Ce que tu as "trouvé", ce ne sont que de nombreuses questions (qui ne sont sûrement pas de toi) et auxquelles tu ne réponds pas du tout.

( Et pourtant, tu as proposé hier à Art123 de l'aider pour son sujet à lui, alors que tu n'es même pas capable de commencer à rédiger le tien….https://www.etudes-litteraires.com/forum/d/20258-racine-andromaque-acte-i-scene-1-p2.html)
Ok , lui aussi à proposer de m'aider et j'ai toujours rien , bref ce n'est pas le sujet … je suis entrain de rédiger de mon coté , si vous avez des conseils je suis preneur
Eh bien, tant mieux si tu as pu enfin commencer à rédiger…
Donc, nous attendons tes premières réponses.
Ce sera plus encourageant pour ceux qui voudront bien t'aider d'avoir enfin un petit début de travail personnel de ta part.
I-Tout d’abord , on évoquera la notion de scène romanesque
II-Ensuite , la mort d’un personnage
III- Et pour terminer , la scène de sauvetage .

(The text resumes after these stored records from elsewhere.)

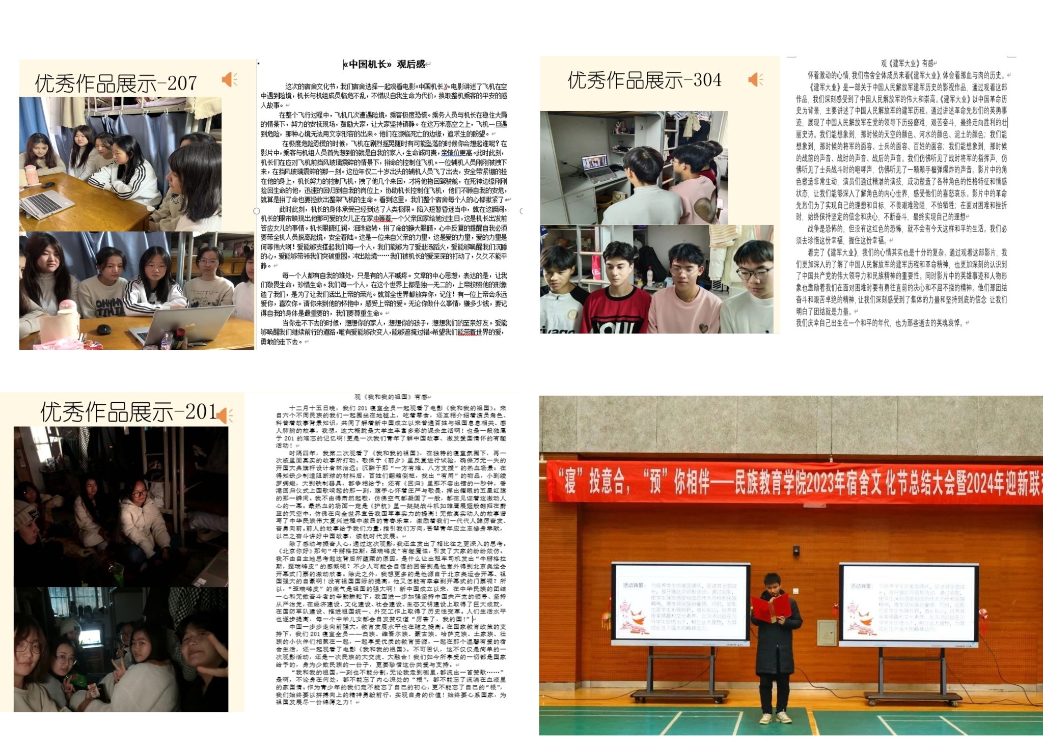 建校园于景,树寝室于静,宿舍无疑是我们员工的第二个“家”。在此次宿舍文化节活动中,我们以铸牢中华民族共同体意识为主线,丰富中华民族共同体内涵,有效提升员工的宿舍生活质量和校园学习幸福感,更增进室友情感,促进各民族员工的交往交流交融。在新一年里,希望大家能够携手共进,唱响民族团结的主旋律,珍惜难得而有限的预科时光,谱写出青春的最美篇章。同时,新的一年在公司党总支的正确领导下,团总支的悉心指导下,全体员工勤勉奋进,不断提升自我实力,用热血与热情将为自己的预科生活画上圆满的句号。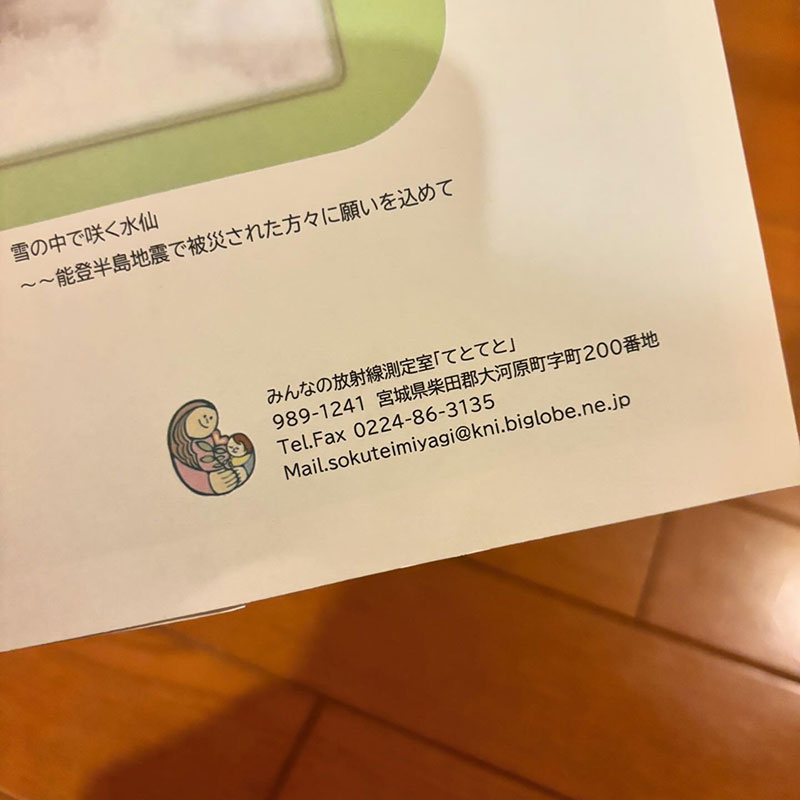 今年の春も、みんなの放射線測定室てとてとから「てとてと通信」が届きました。石川県の大地震。かつてこの地の原発建設を止めた市民がいたおかげで危機的な放射能事故を回避できたことをどれだけの人が知っているのだろう。さもなければ今頃放射能まみれだったんだよ。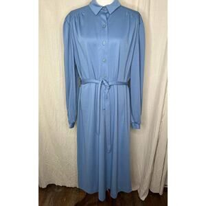 1960s Jerrie Lurie Dusty Blue Mod Secretary Coquette Modest Volup Dress 2XL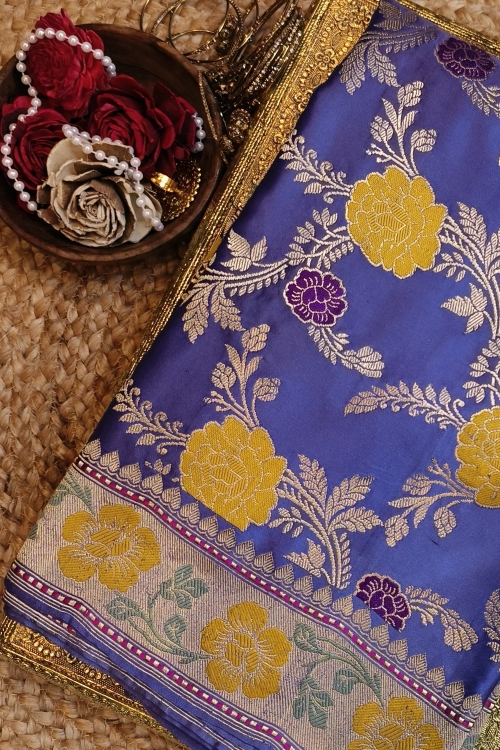 Handwoven Blue Satin Meenadar Jangla Banarasi Silk Saree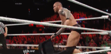 Randy Orton mocks the fan and hits a back suplex on Daniel Bryan through the table.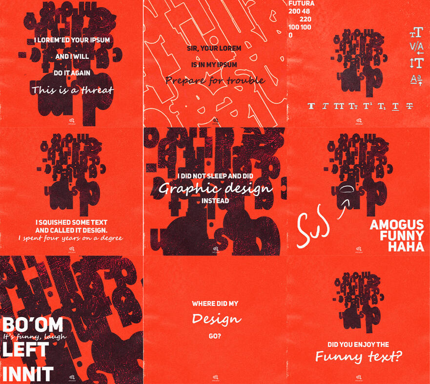 Due to the experience gained from the above experimentation , I was able to create "I lorem'd your ipsum", a cohesive carousel of design related comedic posts created for instagram.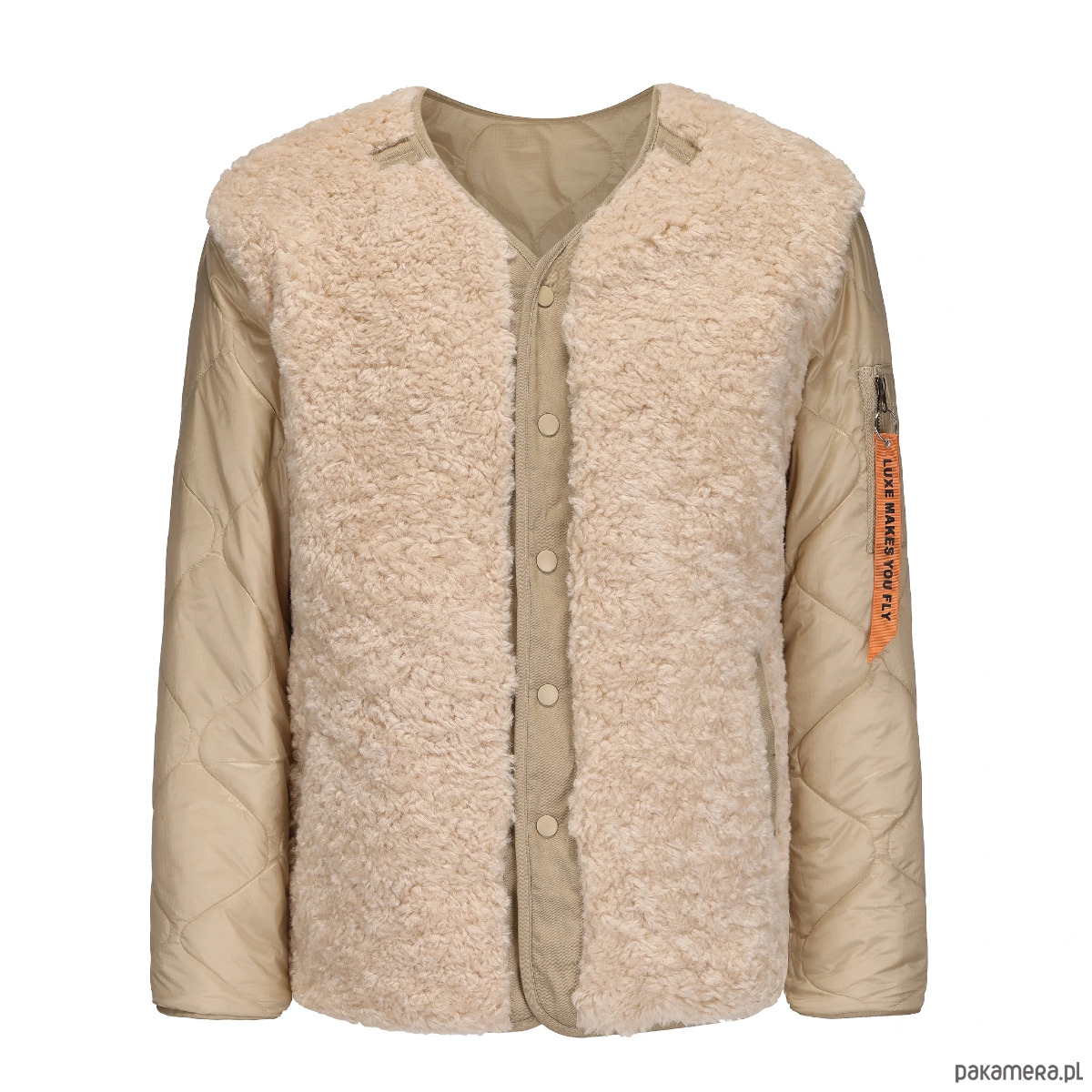 Przytulna, dwustronna pikowana kurtka zapinana na guziki, podszyta miękkim, sztucznym polarem Sherpa. Kieszenie z przodu po pikowanej stronie i elastyczne mankiety chroniące przed zimowym wiatrem.
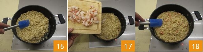 and stir 16. Also add the shrimp pieces 17 and stir again 18.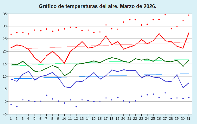 En cuanto a las temperaturas, la media mensual normal para marzo en nuestra ciudad es de 15,5 grados. Se han registrado 15,2 grados (-0,3 grados).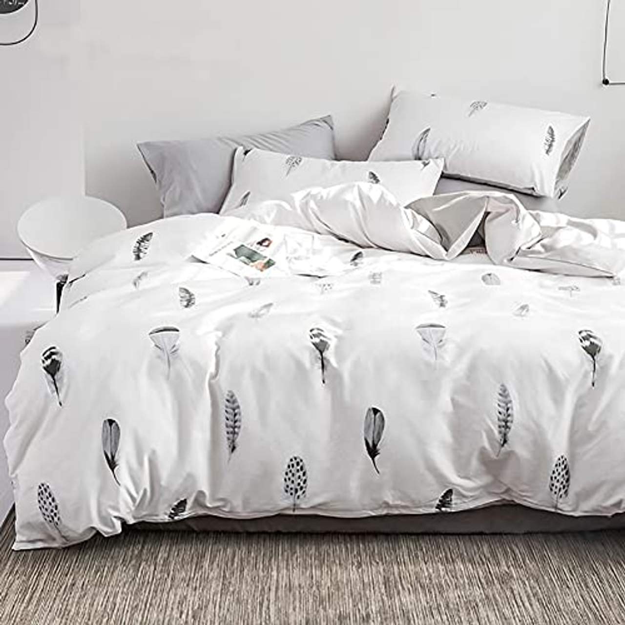 Über Michorinee Bettwäsche Federn 135x200 Weiß Grau Federn Motiv Wendebettwäsche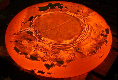 該油缸件重1300kg,直徑Φ586mm,內(nèi)徑Φ401mm,高1019mm,孔深732mm,材質(zhì)35CrMo,使用反擠壓的方式一次成型。相比傳統(tǒng)的自由鍛件,反擠壓件不僅可以大大提高材料利用率和產(chǎn)品的生產(chǎn)效率,而且可以保持產(chǎn)品內(nèi)部金屬流線的完整性,從而大大提高了產(chǎn)品的力學(xué)性能。

Partie I - Une scène romanesque


L’extrait réuni enfin les deux personnages , Etienne et Catherine , qui cèdent à leur dernière tentation : l’amour .

A. Une nuit de noces allusive :

La situation dans laquelle les deux personnages sont confrontés les poussent à halluciner , Catherine dit être hanter par l’image de Chaval (L.696) , elle proclame sa venue , je cite : « je te dit qu’il vient » (L.701) . Enfin , celle-ci se jette sur Etienne , on note sa forte insistance par la répétition « garde-moi » (L.703). C’est ainsi leur amour , qu’ils cachaient jusque là , éclate dans les ténèbres de leur misère .

Voilà je continue , conseils ?
Je te conseille de continuer.
Avec toutes les questions que tu as eu la chance de trouver, tu ne manques pas de pistes pour la suite.
Voilà 2 partie sur 3: 🙂 conseils ?
Partie I - Une scène romanesque

L’extrait réuni enfin les deux personnages , Etienne et Catherine , qui cèdent à leur dernière tentation : l’amour .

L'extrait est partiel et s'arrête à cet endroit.